Wait — let's compute more accurately:
$$
\sqrt{55,625} = 235.85 \text{ m} \quad \text{(correct)}
$$
Alternatively, note that:
$$
\sqrt{55,625} = \sqrt{25 \times 2,225} = 5\sqrt{2,225}
$$
But no perfect square here, so decimal is fine.

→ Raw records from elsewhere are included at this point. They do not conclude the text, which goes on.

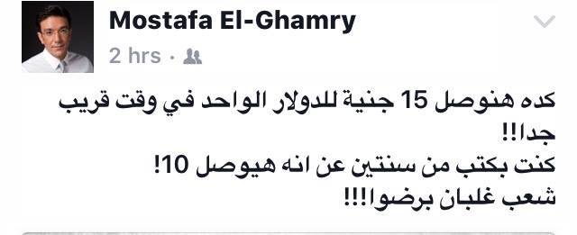 وأضاف الكاتب الصحفي مصطفى الغمري، المتخصص في الاقتصاد، أن بهذه السياسية التي يتبعها النظام سنصل إلى 15 جنيهًا للدولار الواحد في وقت قريب جدًّا، مشيرًا إلى أنه توقع ذلك منذ عامين أنه سيصل إلى 10 جنيهات.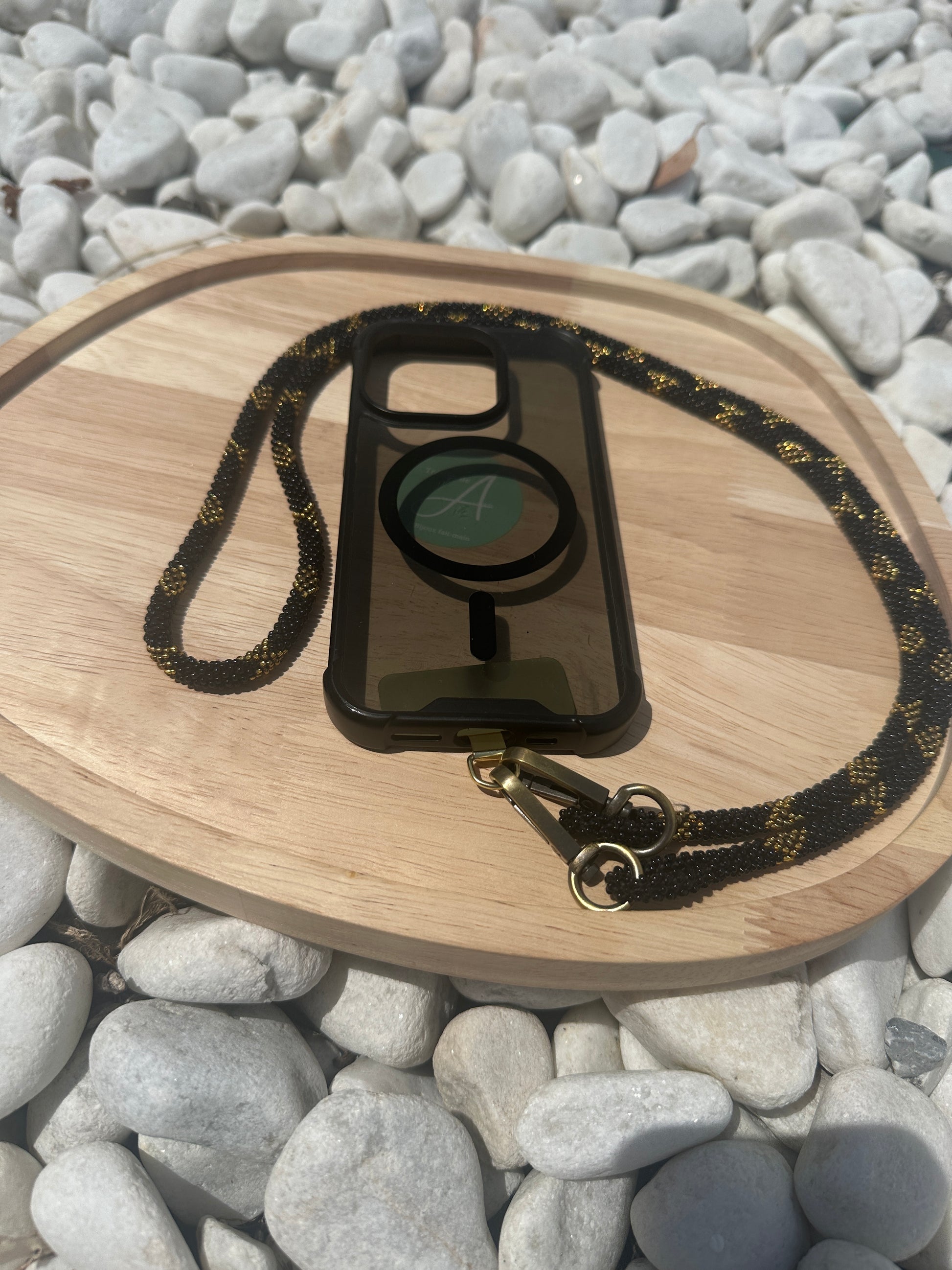 Cordon de Téléphone en Perles de verre – unique, tendance et responsable #A37 doré et noir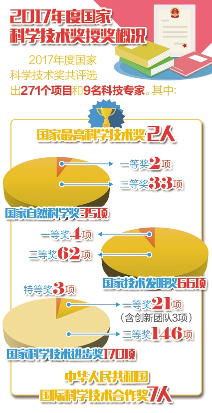 1月8日,2017年度國家科學技術獎勵大會在北京人民大會堂隆重舉行。2名科學家獲得國家最高科學技術獎,271個項目獲得國家自然科學獎、國家技術發明獎、國家科學技術進步獎三大獎,7名外籍專家獲得國際合作獎。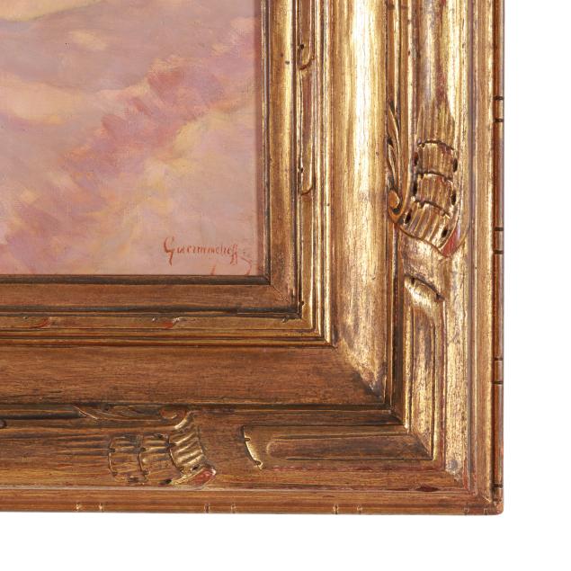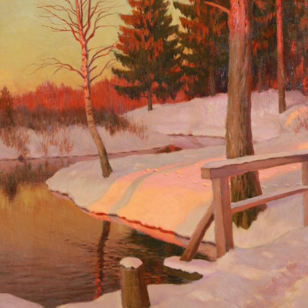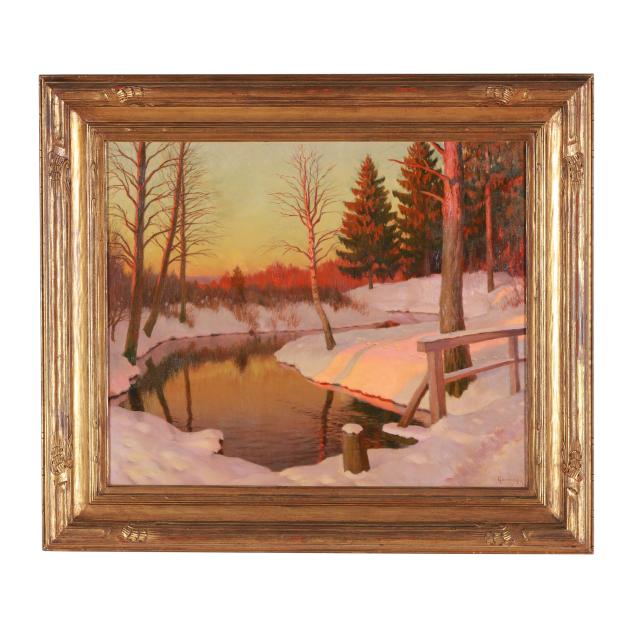 Mikhail Markianovich Germachev was born in Kiev, and studied at the Moscow School of Painting, Sculpture and Architecture, where he came under the influence of prominent Russian Realists including Isaac Levitan and Vasily Polenov. Germachev is known for his sensitive handling of light and mood when depicting quiet villages, forests, snowy roads, and twilight settings. He participated in exhibitions of the Peredvizhniki (Itinerants) and other major artistic societies, contributing to a cultural movement that sought to portray the Russian land with sincerity and emotional depth. Germachev continued to exhibit widely into the early Soviet period, maintaining his style until his death in 1930.

✔ Answer: Approximately 235.85 meters from starting point.
---
Screen has:
- Width = 10 inches
- Height = 8 inches
Diagonal is the hypotenuse:
$$
d^2 = 10^2 + 8^2 = 100 + 64 = 164
\Rightarrow d = \sqrt{164} \approx 12.8 \text{ inches}
$$
✔ Answer: The screen size is approximately 12.8 inches.
---
1. 13.6 cm
2. 19.2 feet
3. 8 feet
4. 5 km
5. 15.62 m
6. 235.85 m
7. 12.8 inches
Let me know if you'd like these rounded differently or explained further!
> For a right triangle:
> $$
> a^2 + b^2 = c^2
> $$
> where $a$ and $b$ are the legs, and $c$ is the hypotenuse (the side opposite the right angle).
---
1. Find the hypotenuse of a triangle with a base of 11 cm and height of 8 cm.
We are given:
- Base ($a$) = 11 cm
- Height ($b$) = 8 cm
- Hypotenuse ($c$) = ?
Use the formula:
$$
c^2 = a^2 + b^2 = 11^2 + 8^2 = 121 + 64 = 185
$$
$$
c = \sqrt{185} \approx 13.6 \text{ cm}
$$
✔ Answer: Approximately 13.6 cm
---
2. Tommy the Turtle wanders off in the zoo...
We're told:
- Mr. Gorilla walks 17 feet east.
- Then he walks 9 feet north.
This forms a right triangle where:
- One leg = 17 ft (east)
- Other leg = 9 ft (north)
- Hypotenuse = distance from start to end
So:
$$
d^2 = 17^2 + 9^2 = 289 + 81 = 370
$$
$$
d = \sqrt{370} \approx 19.2 \text{ feet}
$$
✔ Answer: Approximately 19.2 feet from his starting point.
---
3. Tom is asked to repair a roof...
Given:
- Ladder is 10 feet long (hypotenuse)
- Bottom of ladder is 6 feet from the wall (one leg)
- Need to find how high up the wall it reaches (other leg)
Let $h$ be the height:
$$
h^2 + 6^2 = 10^2
$$
$$
h^2 + 36 = 100
$$
$$
h^2 = 64
\Rightarrow h = \sqrt{64} = 8 \text{ feet}
$$
✔ Answer: The ladder reaches 8 feet up the wall.
---
4. Maria walked 3 km west and 4 km south...
She walks:
- 3 km west
- 4 km south
These form perpendicular legs of a right triangle. Distance from start is the hypotenuse.
$$
d^2 = 3^2 + 4^2 = 9 + 16 = 25
\Rightarrow d = \sqrt{25} = 5 \text{ km}
$$
✔ Answer: She is 5 km from her starting point.
---
5. Lena’s guest house is 10 m long and 12 m wide...
We need the diagonal of the rectangle, which is the hypotenuse of a right triangle with legs 10 m and 12 m.
$$
d^2 = 10^2 + 12^2 = 100 + 144 = 244
\Rightarrow d = \sqrt{244} \approx 15.62 \text{ meters}
$$
✔ Answer: Diagonal is approximately 15.62 meters
---
6. David leaves his house to go to school...
He walks:
- 200 m west
- 125 m north
Distance from home is the hypotenuse:
$$
d^2 = 200^2 + 125^2 = 40,000 + 15,625 = 55,625
\Rightarrow d = \sqrt{55,625} = 235.85 \text{ m} \quad (\text{approx})
$$
But let's check:
Is $235.85^2 = 55,625$?
Actually, $235^2 = 55,225$, $236^2 = 55,696$. So closer to 235.85.
Wait — let's compute more accurately:
$$
\sqrt{55,625} = 235.85 \text{ m} \quad \text{(correct)}
$$
Alternatively, note that:
$$
\sqrt{55,625} = \sqrt{25 \times 2,225} = 5\sqrt{2,225}
$$
But no perfect square here, so decimal is fine.
✔ Answer: Approximately 235.85 meters from starting point.
---
7. Laptop screen size...
Screen has:
- Width = 10 inches
- Height = 8 inches
Diagonal is the hypotenuse:
$$
d^2 = 10^2 + 8^2 = 100 + 64 = 164
\Rightarrow d = \sqrt{164} \approx 12.8 \text{ inches}
$$
✔ Answer: The screen size is approximately 12.8 inches.
---
✔ Final Answers Summary:
1. 13.6 cm
2. 19.2 feet
3. 8 feet
4. 5 km
5. 15.62 m
6. 235.85 m
7. 12.8 inches
Let me know if you'd like these rounded differently or explained further!
Parent Tip: Review the logic above to help your child master the concept of pythagorean theorem word problems worksheet.